## WHAT YOU NEED TO DO
From the listing that follows, reproduce only the lines from the one holding "Top IMPORTADO súper" through the one holding "最后是随机的附赠配件,包括电", both included, with no pictures.

## DATA FOR REVIEW
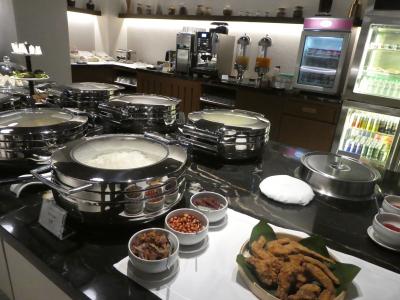 バンコクから日本への早朝便に搭乗するときに利用しました。シャワーブースに置いてあるアメニティはターンなのが嬉しいです。昼間や夜は割と混んでいるイメージですが、この日は朝5時台に利用したせいか、とても空いていました。そんな時間帯でも、食事はちゃんと揃っていました。
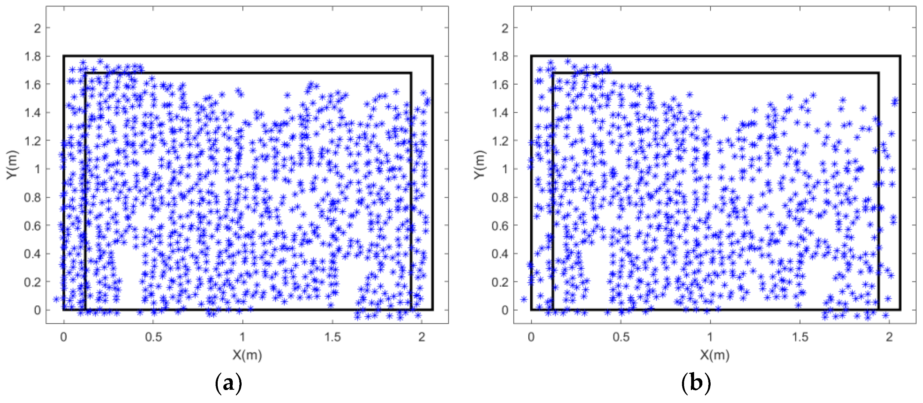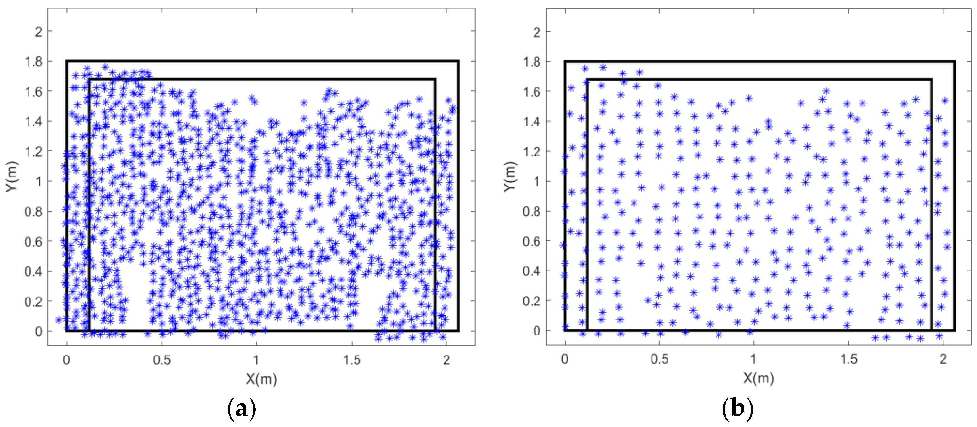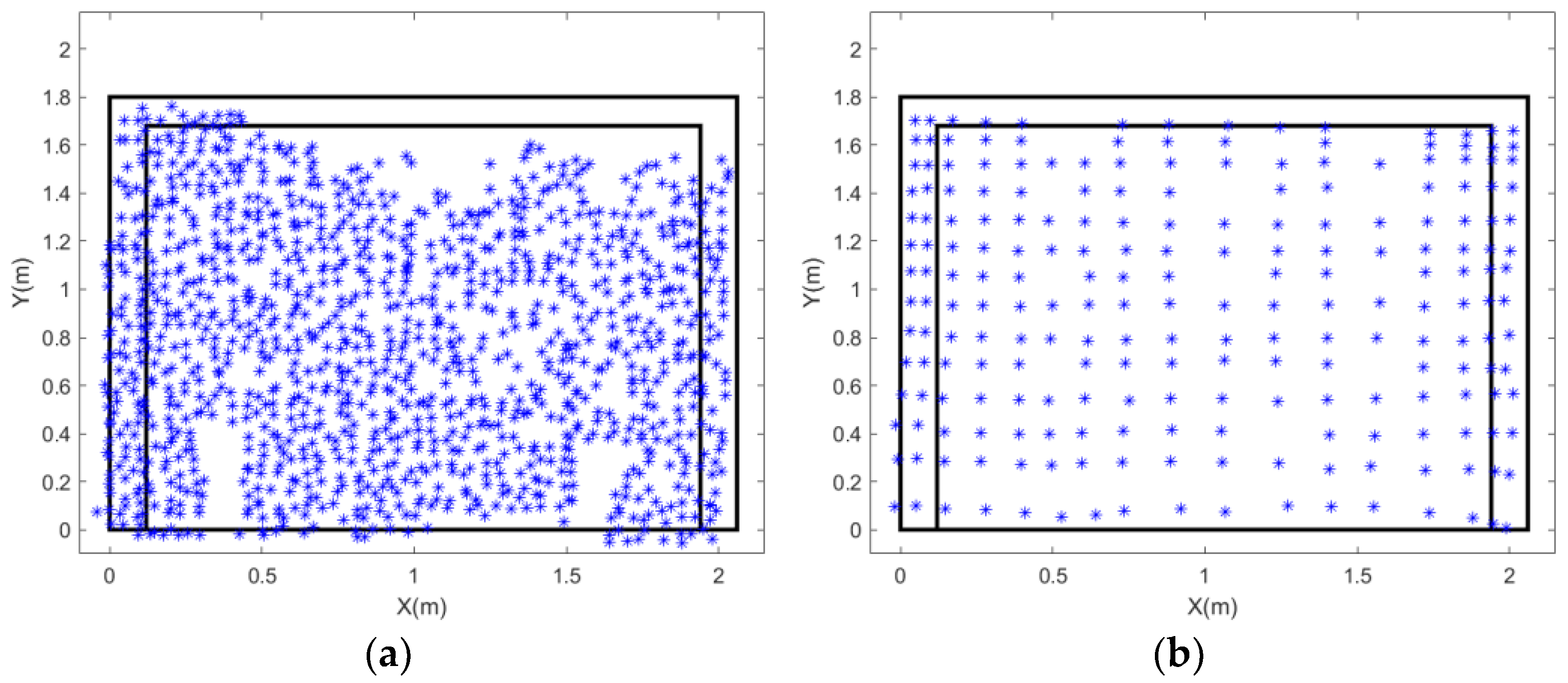 - Marker-based feature points: Artificial targets in the form of black circular markers were manually applied to the wall surface. The centroids of these circles were extracted as precise feature point locations. This approach offers the advantages of uniform distribution and well-defined, easily identifiable points.
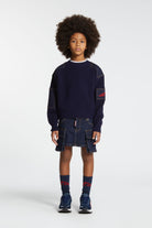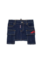Dark blue denim cargo mini skirt. A punchy model that combines comfort and character, thanks to the utility style side pockets. A garment in perfect Dsquared2 style, ideal for enhancing any look.
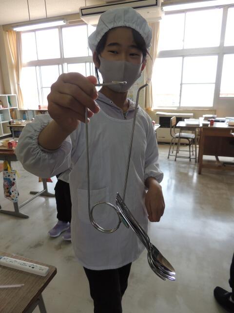 今日の給食は、肉のベーベキューソースがけ、キャベツサラダ、ころころスープ。春キャベツのツナサラダ、柔らかくてとってもおいしかったです。バーベキューソースはショウガとりんごをすり下ろしたもので、酸味と甘みが絶妙でした。5年生静かに落ち着いて食べていました。そうそう、面白い形のスプーン入れ(?)を見せてもらいました。
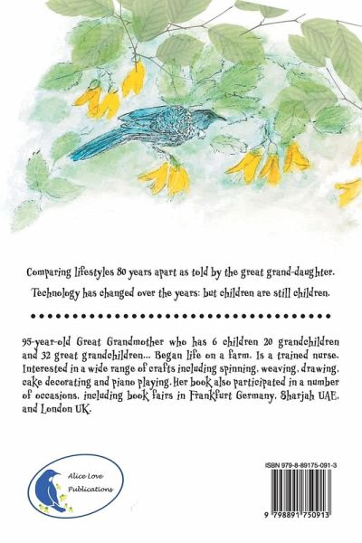 95-year-old Great Grandmother who has 6 children 20 grandchildren and 32 great grandchildren... Began life on a farm. Is a trained nurse.Interested in a wide range of crafts including spinning, weaving, drawing, cake decorating and piano playing. Her book also participated in a number of occasions, including book fairs in Frankfurt Germany, Sharjah UAE, and London UK.
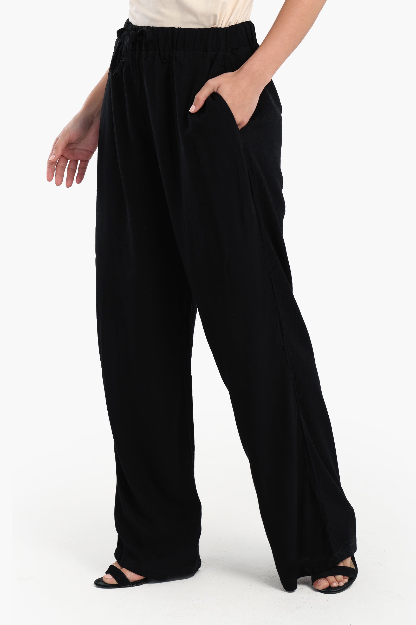 Crafted from a soft and breathable viscose blend, these women’s lounge pants offer the perfect balance of comfort and style. Designed with a relaxed fit, they feature a high-waisted design with an elastic waistband and adjustable drawstring, ensuring a secure and customizable fit. The solid pattern adds a touch of minimalistic elegance, making them a versatile wardrobe staple. With a wide-leg cut and full-length design, these pants drape beautifully, providing effortless movement and a flattering silhouette. The pull-on style ensures ease of wear, making them perfect for lounging, casual outings, or styling with your favorite tops for a chic yet laid-back look.
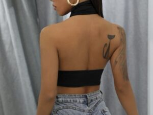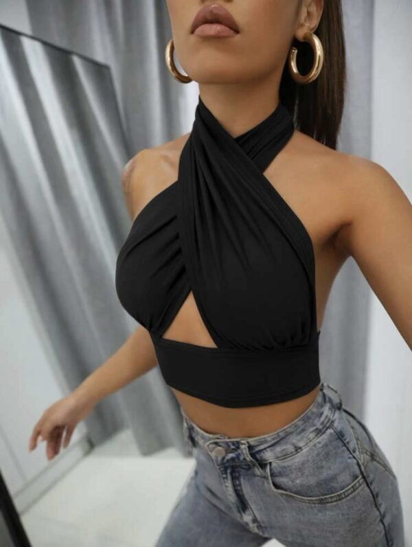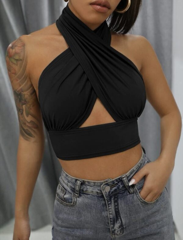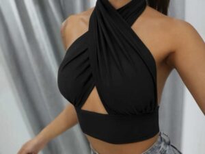 Top IMPORTADO súper elastizado cruzado con espalda al aire. Hermoso calce y súper cómodo. Viene con abertura para colocar relleno en la zona del busto. Color negro.
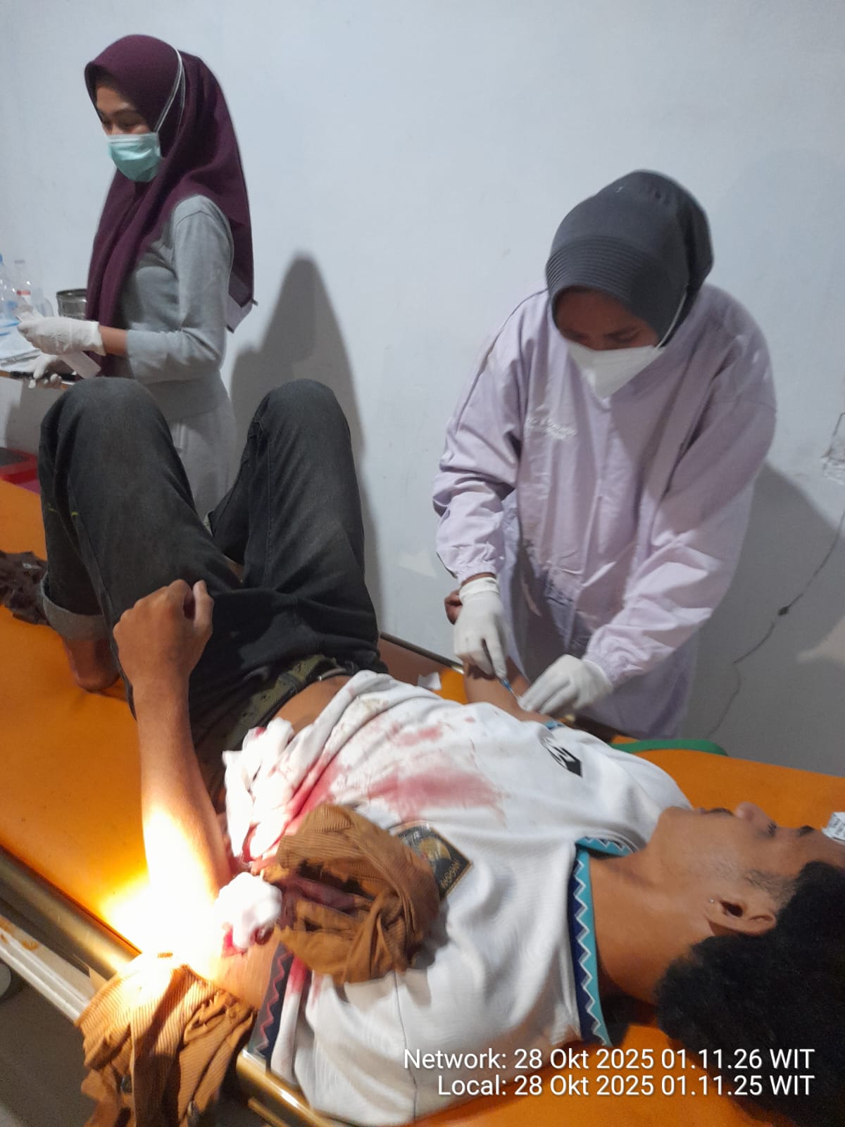 “Saya kaget lihat sepupu saya penuh darah. Kami langsung bawa dia ke rumah sakit sekitar pukul 01.39 WIT,” tutur Najwa.
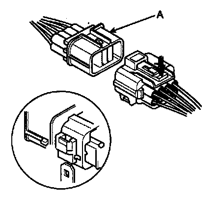 5. Some mounted connectors cannot be disconnected unless you first release the lock and remove the connector from its mount bracket (A).
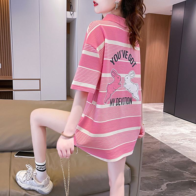 大码 t恤女2025夏季 胖mm洋气独特别致200斤上衣 短袖 卡通印花Polo衫
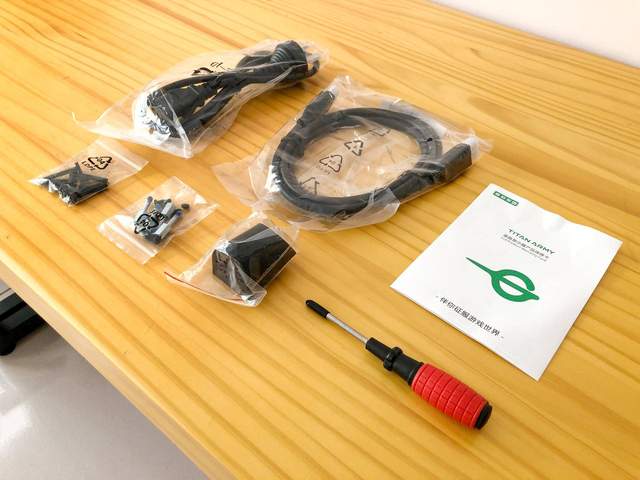最后是随机的附赠配件,包括电源线,1根DP线,镭射发生器,说明书,和螺丝若干。标配不含HDMI线有点伤,不过送的磁吸螺丝刀还挺好用的。
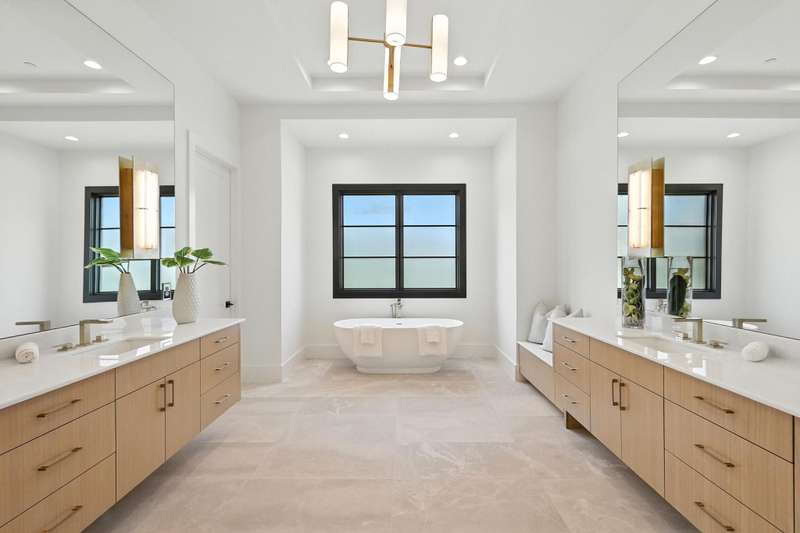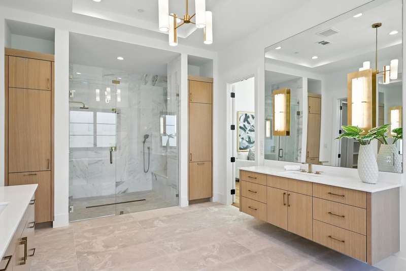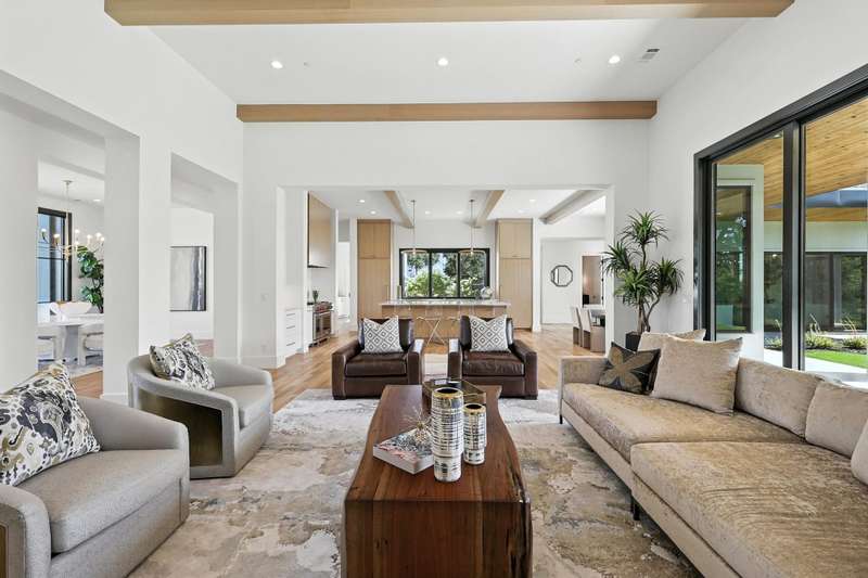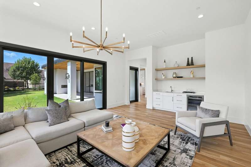 Welcome Home to this brand new, gorgeous Calais Custom Home. Nestled in the quiet, back part of the prestigeous Old Grove neighborhood, this modern home offers an unparalleled living experience, exceptional floor plan, light and bright finishes and a spacious backyard for you to create your backyard dream oasis. As you enter the impressive steel and glass pivot front door, you are greeted with 21 foot soaring ceilings, walls of windows, gorgeous wood floors and open plan living. Blending luxurious finishes with modern design, this home features highest end Wolf and Subzero appliances, stone countertops, designed hardware and plumbing fixtures, and white oak floors. The open-concept offers a large Family - Breakfast - Chef's Kitchen with huge island with quartizite counters, for family and friends to enjoy. Step into the Game Room with wet bar with sliding doors to the oversized backyard, covered patio and serene views.The dream Primary Retreat features lovely backyard view, a lavish spa bath and expansive closet. 2nd Primary suite is also downstairs. Upstairs offers 3 large Bedrooms with en-suites and walk-in closets, plus a Exercise Room, Loft and Bonus space. As you head into the backyard, you find a large veranda, complete with a with cozy fireplace for year-round enjoyment, and surrounded by exquisite landscaping and mature trees that enhances the home's secluded ambiance. Home also boasts an Executive Study, Prep Kitchen, large Laundry room, tons of storage, a spacious 4 car garage. This is a truly extraordinary residence, and a rare combination of privacy, elegance, and functionality.
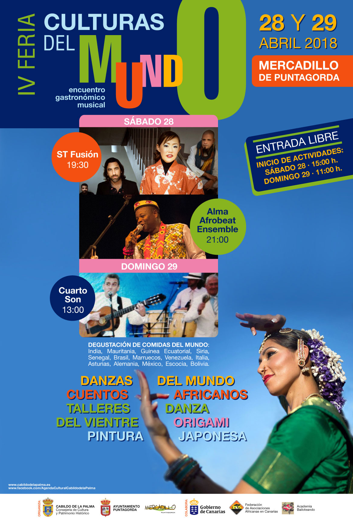 Tradiciones japonesas como el ‘Sumi-E’ o el Origami, una exhibición de danza tradicional hindú de 6.000 años de antigüedad o una propuesta de música fusión afrobeat forman parte del programa de esta feria que vuelve a celebrarse en el Mercadillo del Agricultor de Puntagorda.

## EXERCISE SOLUTION
 Top IMPORTADO súper elastizado cruzado con espalda al aire. Hermoso calce y súper cómodo. Viene con abertura para colocar relleno en la zona del busto. Color negro.
 “Saya kaget lihat sepupu saya penuh darah. Kami langsung bawa dia ke rumah sakit sekitar pukul 01.39 WIT,” tutur Najwa.
 5. Some mounted connectors cannot be disconnected unless you first release the lock and remove the connector from its mount bracket (A).
 大码 t恤女2025夏季 胖mm洋气独特别致200斤上衣 短袖 卡通印花Polo衫
最后是随机的附赠配件,包括电源线,1根DP线,镭射发生器,说明书,和螺丝若干。标配不含HDMI线有点伤,不过送的磁吸螺丝刀还挺好用的。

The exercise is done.